The Water Alternative You Should Splash Into Smoothies (And It's Not Juice)
Smoothies are a delicious and easy way to up your fruit and veggie intake. Depending on which ingredients you use, these blended concoctions are typically a great source of fiber, protein, healthy fats, and other nutrients. But if you're looking to up the ante on your smoothie game to reap even more health benefits, we've got just the secret ingredient: kombucha.
Kombucha, a fermented tea beverage that contains probiotics, has been touted as being able to improve gut health because it introduces good bacteria into the body. The effervescent drink may also improve mental health, decrease gestational diabetes, and reduce eczema flares among other health benefits (via Nebraska Medicine).
While the average smoothie recipe usually doesn't call for kombucha, it's starting to gain prominence as more people become invested in improving their gut health. In fact, when Los Angeles-based upscale grocery chain Erewhon introduced its Olivia Rodrigo smoothie dubbed "good 4 ur GUTS" in December 2023, kombucha made its ingredient list. That said, kombucha is an excellent choice to add to your smoothie and may just be the secret elixir you need to help remedy a sour stomach.
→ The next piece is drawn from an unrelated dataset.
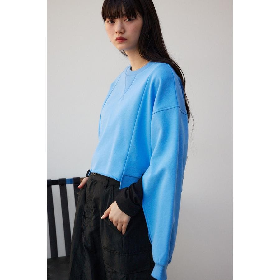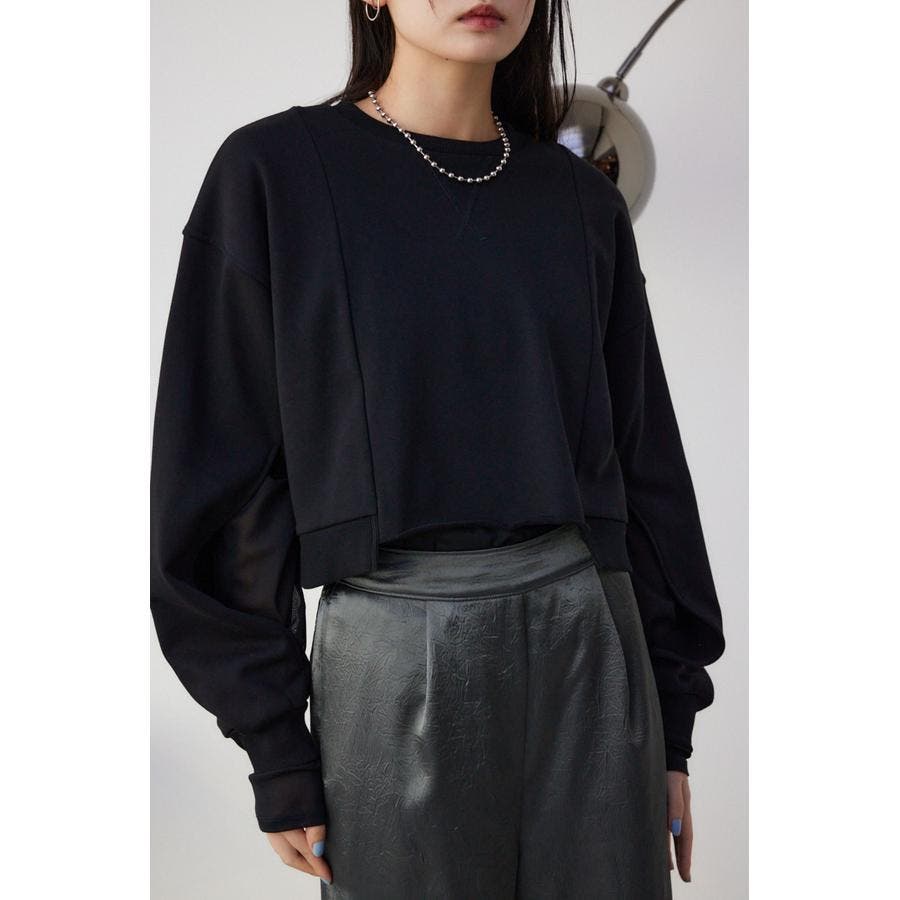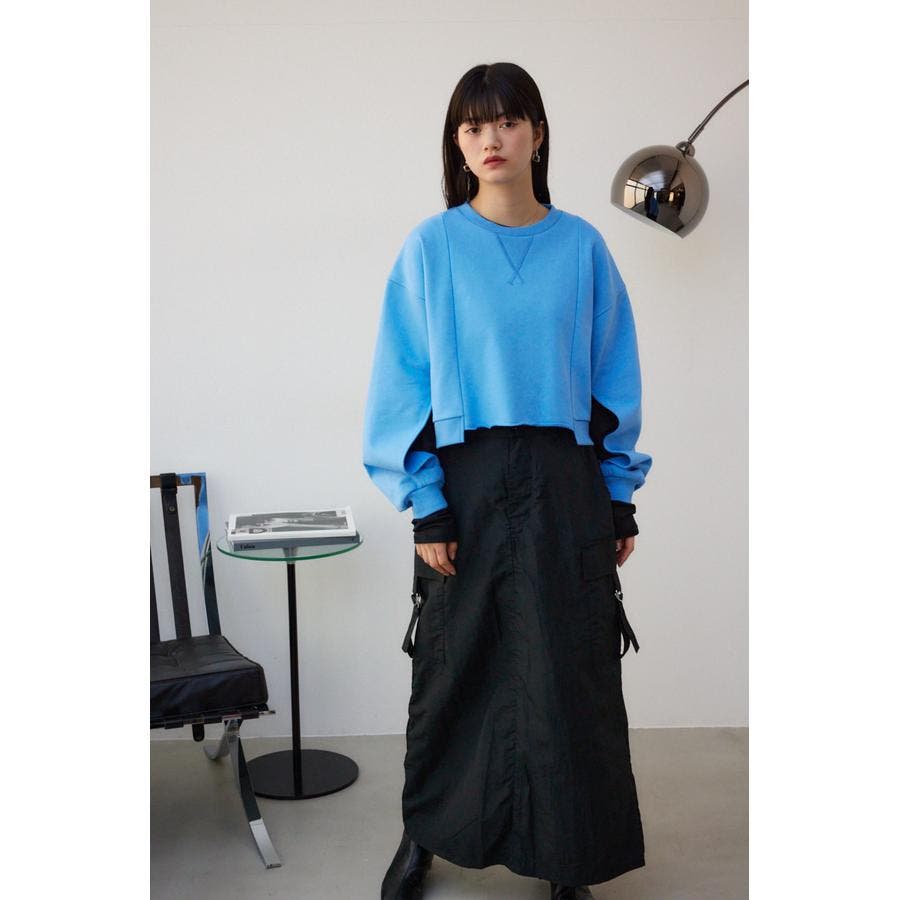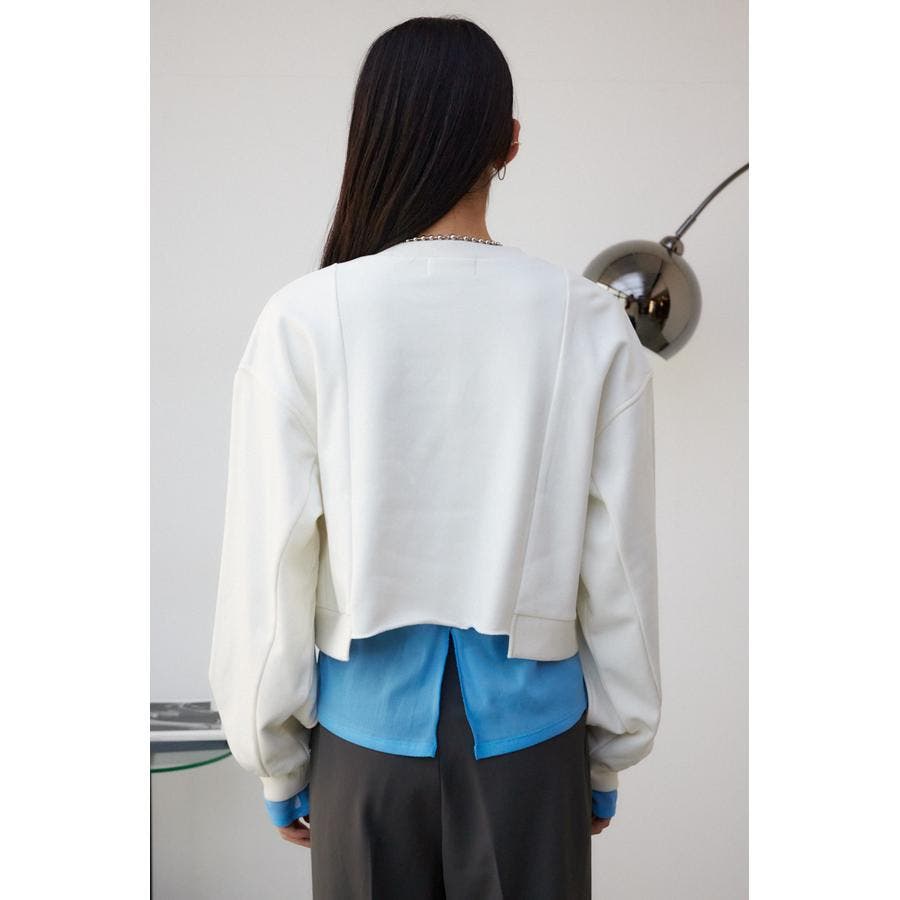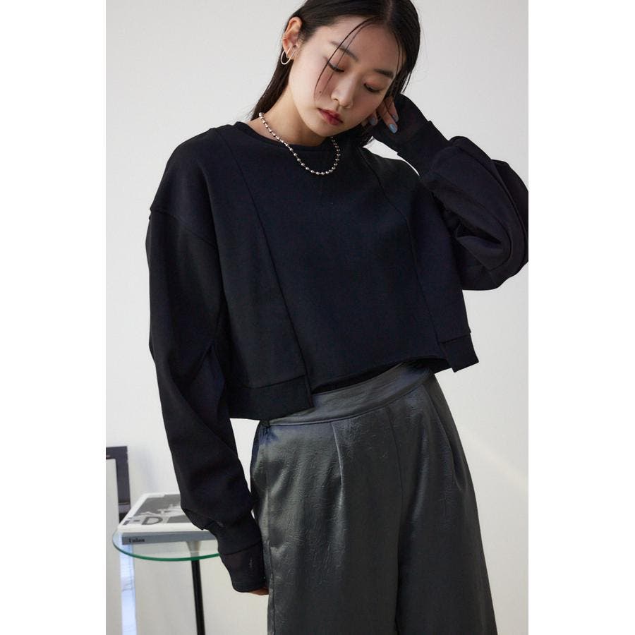 ・トレンドのコンパクトなクロップド丈に、身頃には切り替えデザインを施しました。

How to add kombucha to a smoothie
Given kombucha's unique flavor profile and texture, you may be intimidated to add it to your smoothie. The beverage, while naturally sweet, is also acidic and tangy which could alter your smoothie's flavor and consistency. When it comes to picking out a kombucha flavor, think about which ingredients you plan to use. Many kombucha brands offer fruit flavors, so if you're craving a berry smoothie, you'll probably want to opt for a blueberry or strawberry-flavored kombucha.
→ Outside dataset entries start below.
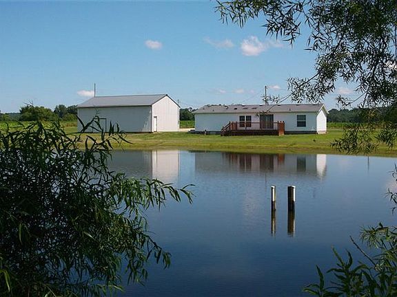 Wow! what a location! 5.1 Private acre with 1/2 ac. stocked pond. Great fishing! Huge 60x40 barn. Immaculate 3 bdr. 2ba home. All bdr have walk-in closets. Master with att. bath. Large eat-in kitchen with island. Walk out onto deck overlooking pond.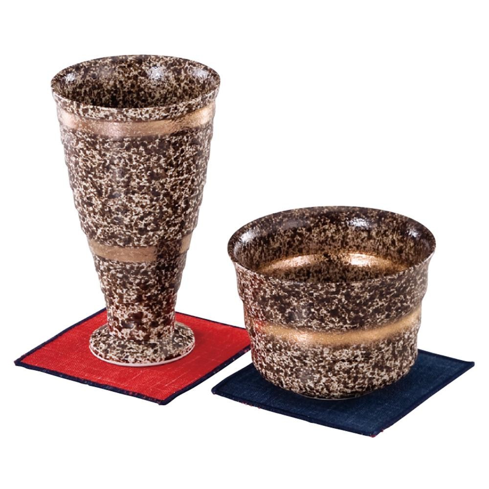 陶磁器製のビールグラスと焼酎グラス、コースターのセット。ギフトにもぴったりです。 |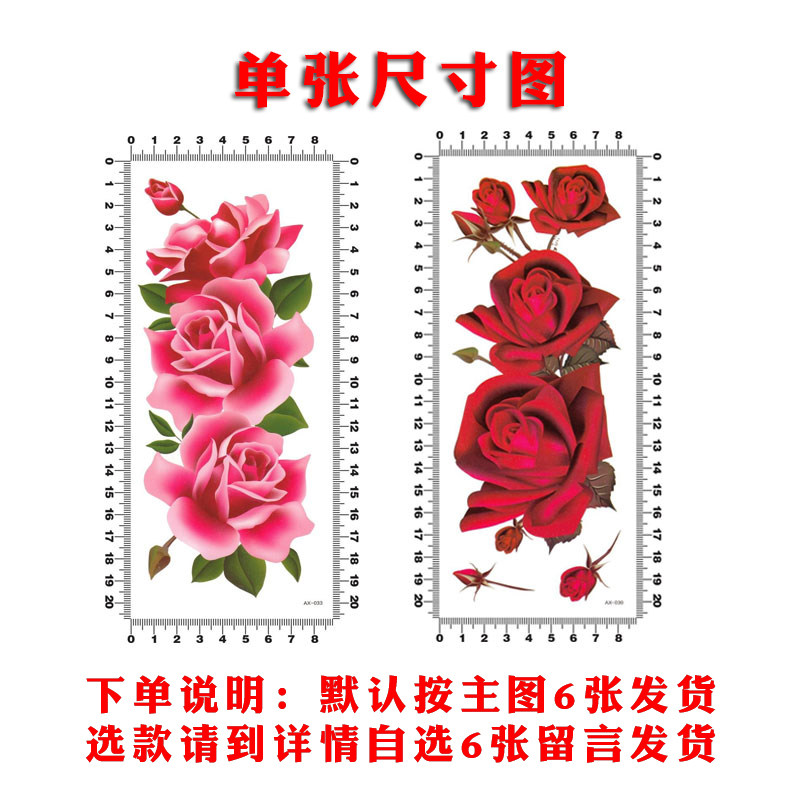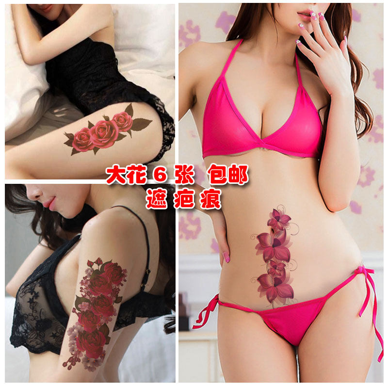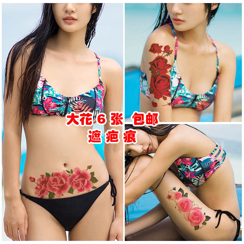 Rose large tattoo sticker waterproof female models lasting simulation sexy flower arm belly cover scar Photo studio photo sticker

If you're leaning toward a more tropical smoothie, you may want to consider a pineapple, passionfruit, or citrus-flavored kombucha. A green tea flavored kombucha would be a great addition to green smoothies. For more decadent smoothies that include ingredients like chocolate or peanut butter, the kombucha will likely be overpowered by the other ingredients, so you can use any flavor you like.
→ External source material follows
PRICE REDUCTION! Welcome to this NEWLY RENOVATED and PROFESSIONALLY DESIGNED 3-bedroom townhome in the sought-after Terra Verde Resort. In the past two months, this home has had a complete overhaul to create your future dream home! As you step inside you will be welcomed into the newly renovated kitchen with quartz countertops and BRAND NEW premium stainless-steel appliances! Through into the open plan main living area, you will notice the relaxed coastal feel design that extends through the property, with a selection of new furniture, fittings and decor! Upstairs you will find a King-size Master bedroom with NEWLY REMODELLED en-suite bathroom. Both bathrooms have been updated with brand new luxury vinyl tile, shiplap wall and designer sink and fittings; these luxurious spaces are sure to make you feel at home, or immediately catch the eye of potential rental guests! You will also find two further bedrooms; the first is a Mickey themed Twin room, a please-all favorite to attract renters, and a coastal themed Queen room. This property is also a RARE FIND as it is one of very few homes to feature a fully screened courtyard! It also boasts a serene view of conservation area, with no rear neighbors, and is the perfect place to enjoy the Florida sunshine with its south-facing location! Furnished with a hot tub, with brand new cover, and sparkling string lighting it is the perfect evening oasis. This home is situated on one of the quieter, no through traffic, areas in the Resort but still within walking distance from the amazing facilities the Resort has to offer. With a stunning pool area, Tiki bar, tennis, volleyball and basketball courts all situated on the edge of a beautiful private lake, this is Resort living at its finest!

As for how much to add, we recommend using ⅓ to ¾ cup of kombucha, depending on if you're adding other liquids. But keep in mind that while kombucha can be a standalone base, the resulting product will likely be tarty and frothy. To help balance your smoothie's flavor and body, you can try adding equal parts kombucha and another base of your choosing like milk (or a milk alternative), yogurt, or water to round it out. Additionally, you could add sweeteners in like honey, agave, or maple syrup to further level out the taste. Adding more fruit can also help with taste and consistency.
Kefir can also be used in smoothies
If you're not a kombucha fan, don't fret. Kefir is another probiotic-rich beverage that your smoothie could benefit from. Unlike kombucha, kefir or fermented milk is only slightly tangy and not fizzy at all. In fact, it's thick and creamy which is perfect if you prefer a heavier consistency. Besides being a good source of protein, it's also packed with vitamins like calcium, phosphorus, magnesium, and vitamin D. And while there are dairy-free kefir options on the market, there is evidence suggesting that drinking traditional milk kefir can improve lactose digestion and tolerance in adults with lactose intolerance (per a 2003 study in the Journal of the American Dietetic Association).
As for how much kefir to add to your smoothie, 1 cup is standard in most recipes. Kefir can also act as a substitute for Greek yogurt or milk in your favorite smoothie recipe. If you're not sure what type of kefir to use, plain unsweetened kefir has a neutral base and should work well in most smoothies. However, if you're looking for some extra flavor (particularly in a fruit smoothie), you can try a flavored option like cherry, strawberry, or blueberry.